Page:Fonson, Wicheler - Le Mariage de mademoiselle Beulemans, 1910.djvu/164

La bibliothèque libre.
Sauter à la navigation Sauter à la recherche
Le texte de cette page a été corrigé et est conforme au fac-similé.



MEULEMEESTER

Vous avez dit cette histoire à Séraphin ?


SUZANNE

Mais non ! je sais que vous n’aimeriez pas ça… Allez, Monsieur Meulemeester, qu’est-ce que vous auriez dit, il y a vingt ans, si on vous aurait défendu de marier celle que vous aimiez tant et qui vous avait donné un si joli petit garçon ?… Le petit Séraphin aussi est joli, vous savez… C’est vous comme deux gouttes d’eau… Est-ce qu’avec une autre vous auriez été certain que l’enfant aurait été vous tout craché ?
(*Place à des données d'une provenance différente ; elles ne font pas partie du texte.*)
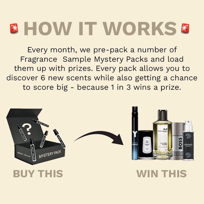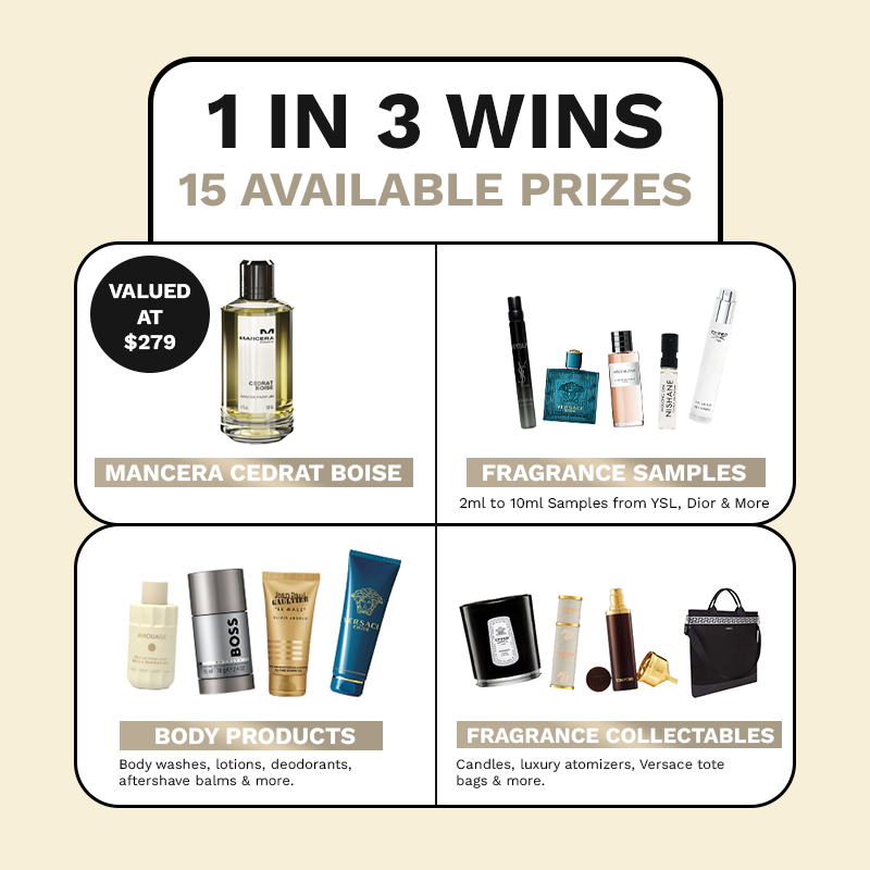 This month we pre-packed 45 Mystery Fragrance Sample Packs and allocated 15 prizes across the packs in random order. Purchase a Mystery Fragrance Sample Pack and have a 1 in 3 chance to win a prize.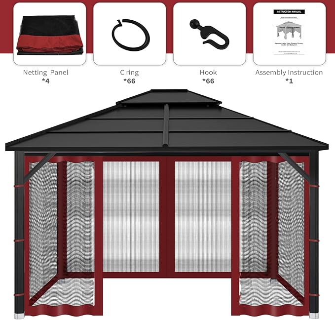 - 【EASY INSTALLATION】Inserting the rings or hooks into the netting loops and hang over existing frame of gazebo. We also provide with an instruction for you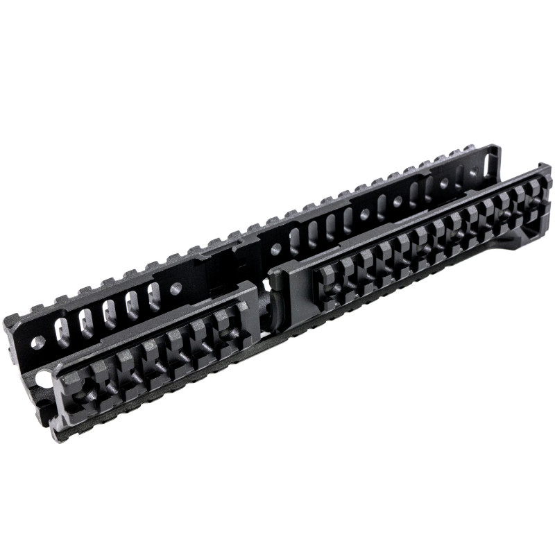 • Оборудован планками Picatinny со всех сторон. Это позволяет установить дополнительный обвес на оружие в любой части цевья: рукоятки, фонари, ЛЦУ, антабки, кронштейны Б-31Б-31СБ-31Н, Б-32, Б-33, Б-22.

Allez, dites oui. Vous serez si content du bonheur de votre fils, de la reconnaissance de sa femme et de la tendresse du petit Séraphin… Et tout le monde dira : « C’est tout de même chic ce qu’ils ont fait, les Meulemeester ! »…


MEULEMEESTER

Vous ne direz jamais à Séraphin…


SUZANNE

Mais non…


MEULEMEESTER

C’est certain, hein ?


SUZANNE

Pourquoi ? J’aime mieux garder le moyen de vous faire encore chanter, si c’était nécessaire.